▶ MATERIALS PROVIDED
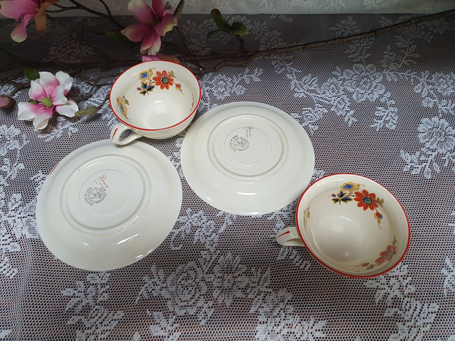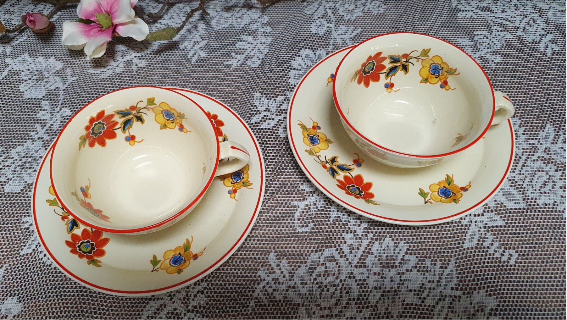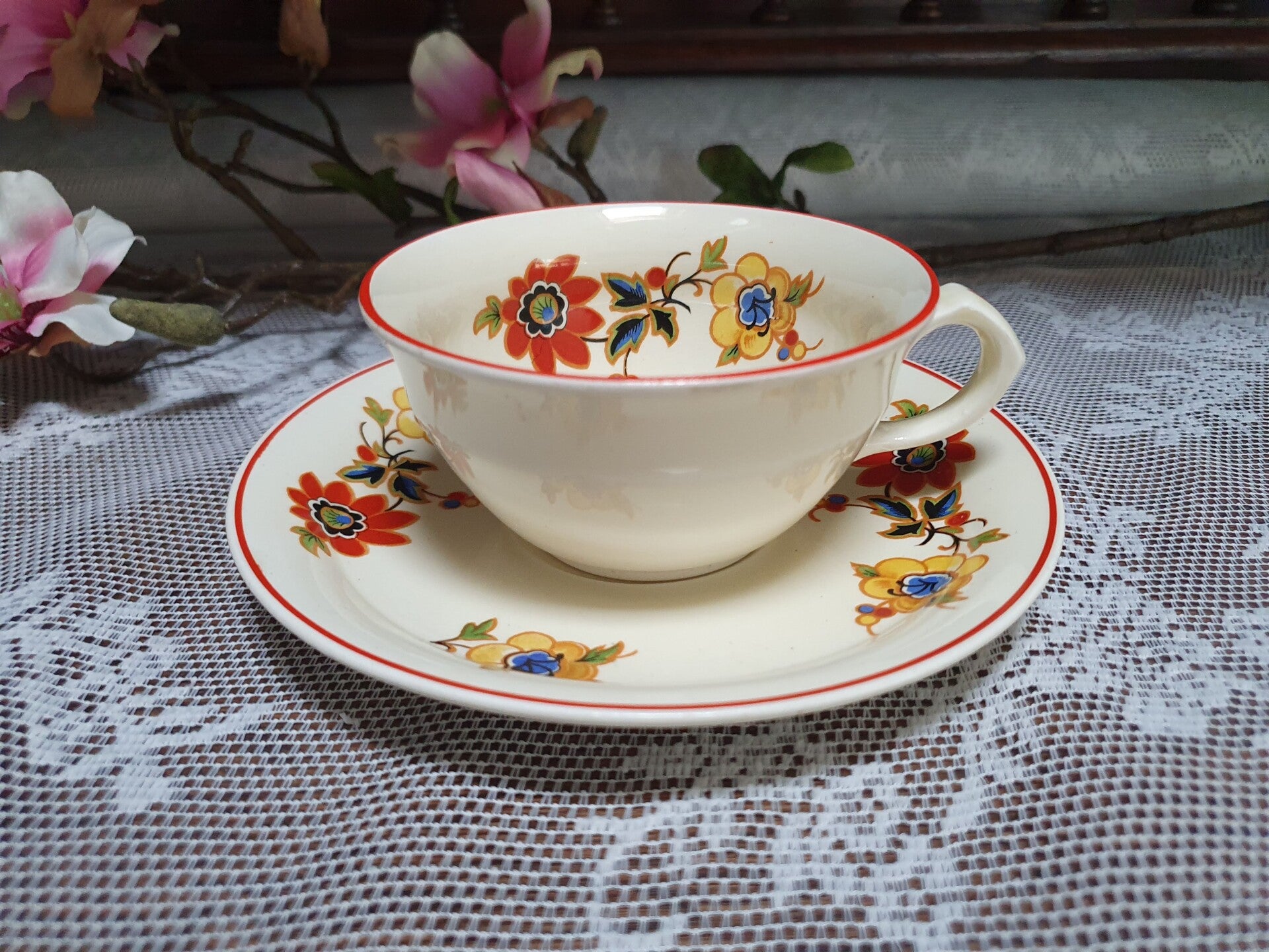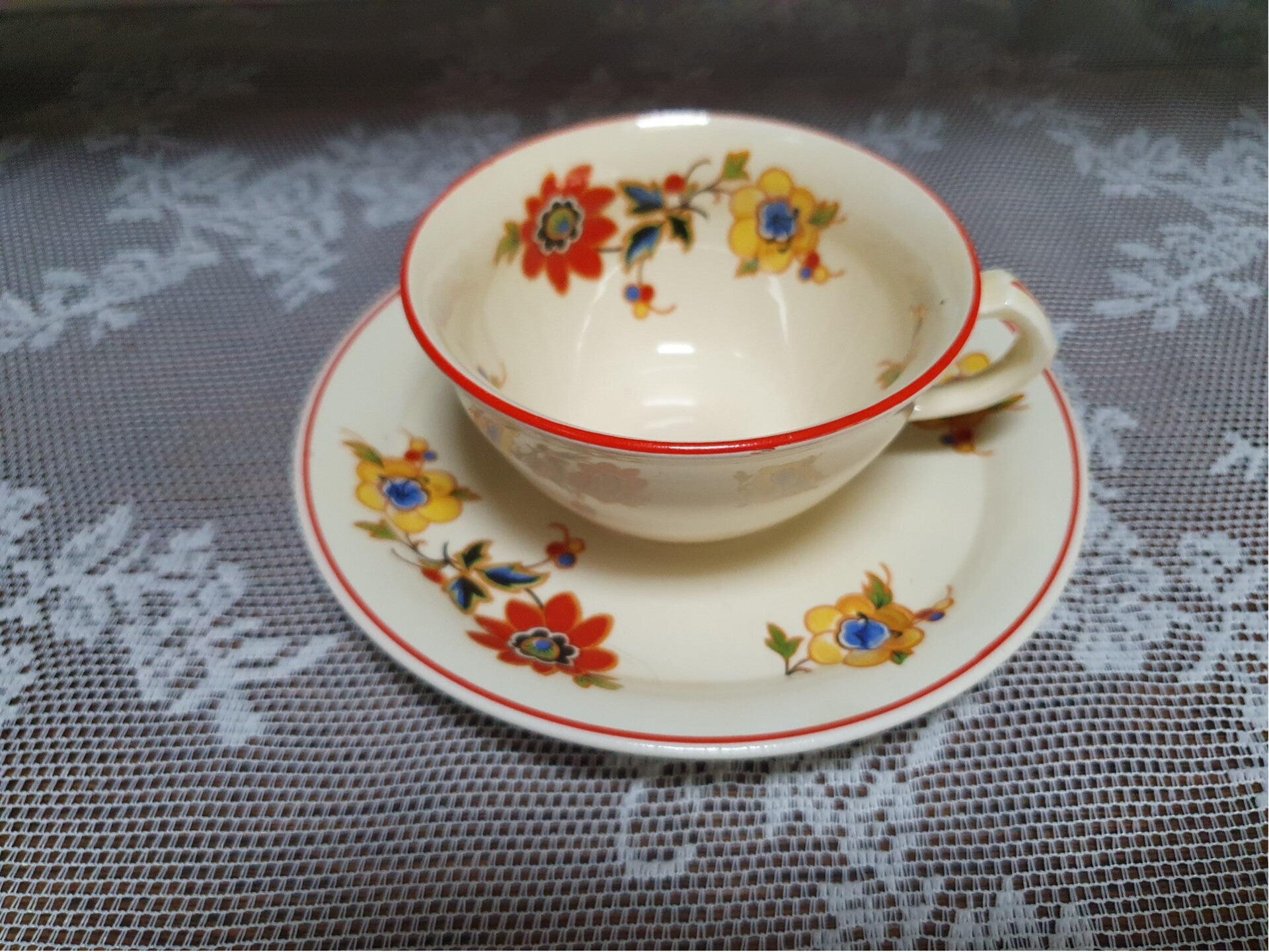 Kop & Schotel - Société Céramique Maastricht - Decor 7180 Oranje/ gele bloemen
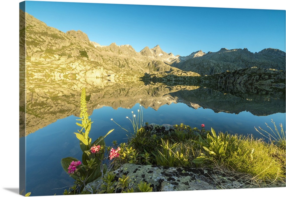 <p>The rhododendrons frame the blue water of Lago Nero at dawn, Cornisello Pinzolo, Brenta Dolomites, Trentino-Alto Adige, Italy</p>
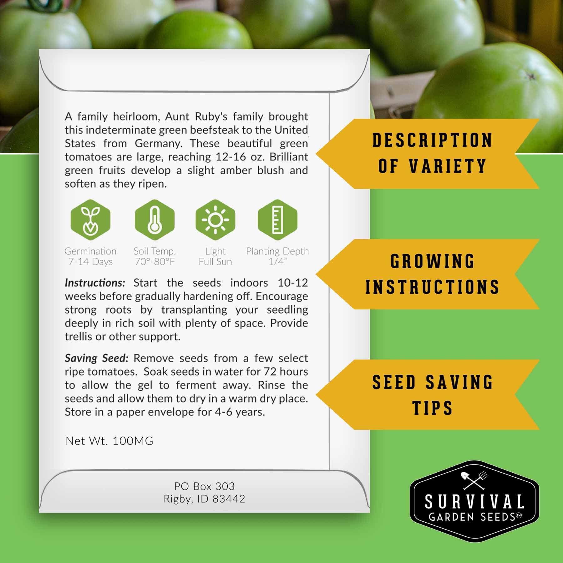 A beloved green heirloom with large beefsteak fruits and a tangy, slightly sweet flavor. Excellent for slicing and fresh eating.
--
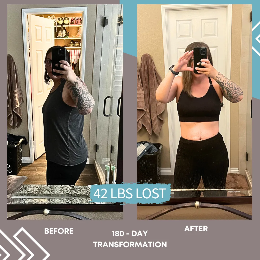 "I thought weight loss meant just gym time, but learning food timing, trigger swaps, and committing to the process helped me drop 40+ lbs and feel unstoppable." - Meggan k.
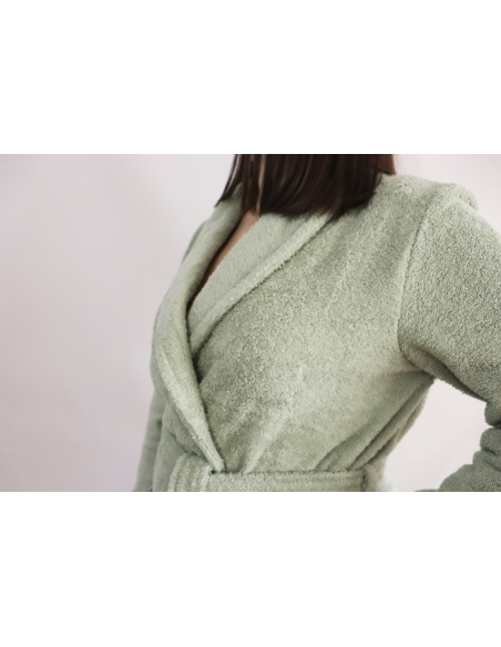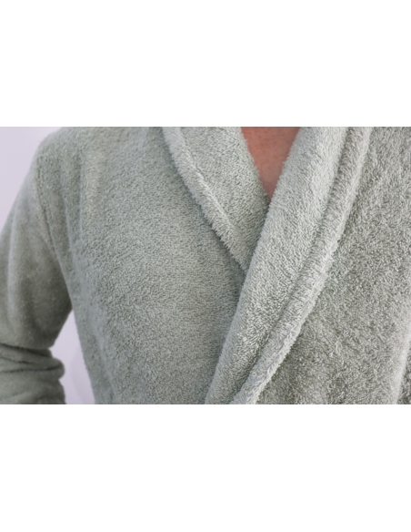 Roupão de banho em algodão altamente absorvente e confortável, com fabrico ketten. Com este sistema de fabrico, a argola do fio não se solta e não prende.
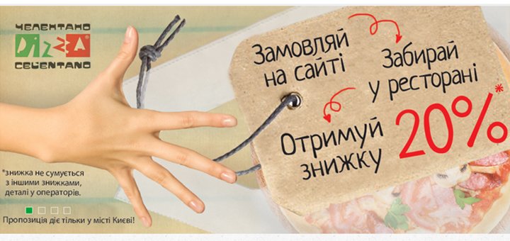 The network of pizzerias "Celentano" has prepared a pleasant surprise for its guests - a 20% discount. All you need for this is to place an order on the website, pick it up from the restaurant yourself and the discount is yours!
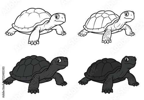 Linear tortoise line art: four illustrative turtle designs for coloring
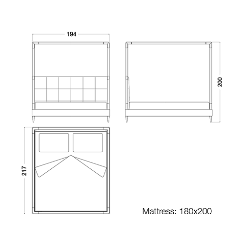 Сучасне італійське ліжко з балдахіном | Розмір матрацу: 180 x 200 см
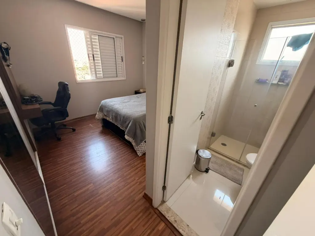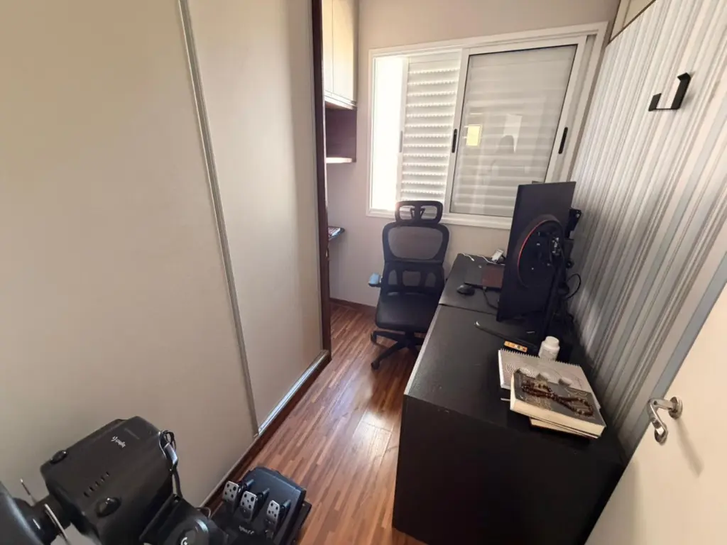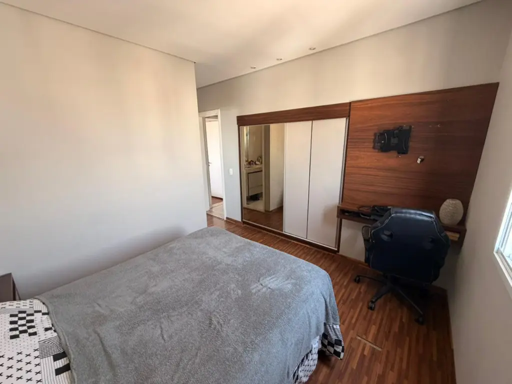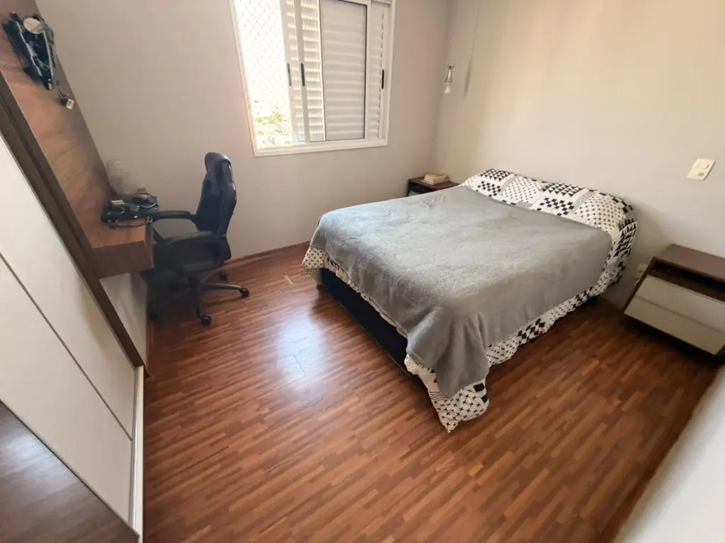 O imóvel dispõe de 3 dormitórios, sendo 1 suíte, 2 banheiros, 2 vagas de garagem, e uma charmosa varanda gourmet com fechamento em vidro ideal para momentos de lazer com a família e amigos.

▶ WHAT YOU WILL DO
Write out again exactly the lines above from the one with "- Meggan k." through the one with "Roupão de banho", adding no other lines and no pictures.

▶ SOLUTION TO THIS EXERCISE
 "I thought weight loss meant just gym time, but learning food timing, trigger swaps, and committing to the process helped me drop 40+ lbs and feel unstoppable." - Meggan k.
 Roupão de banho em algodão altamente absorvente e confortável, com fabrico ketten. Com este sistema de fabrico, a argola do fio não se solta e não prende.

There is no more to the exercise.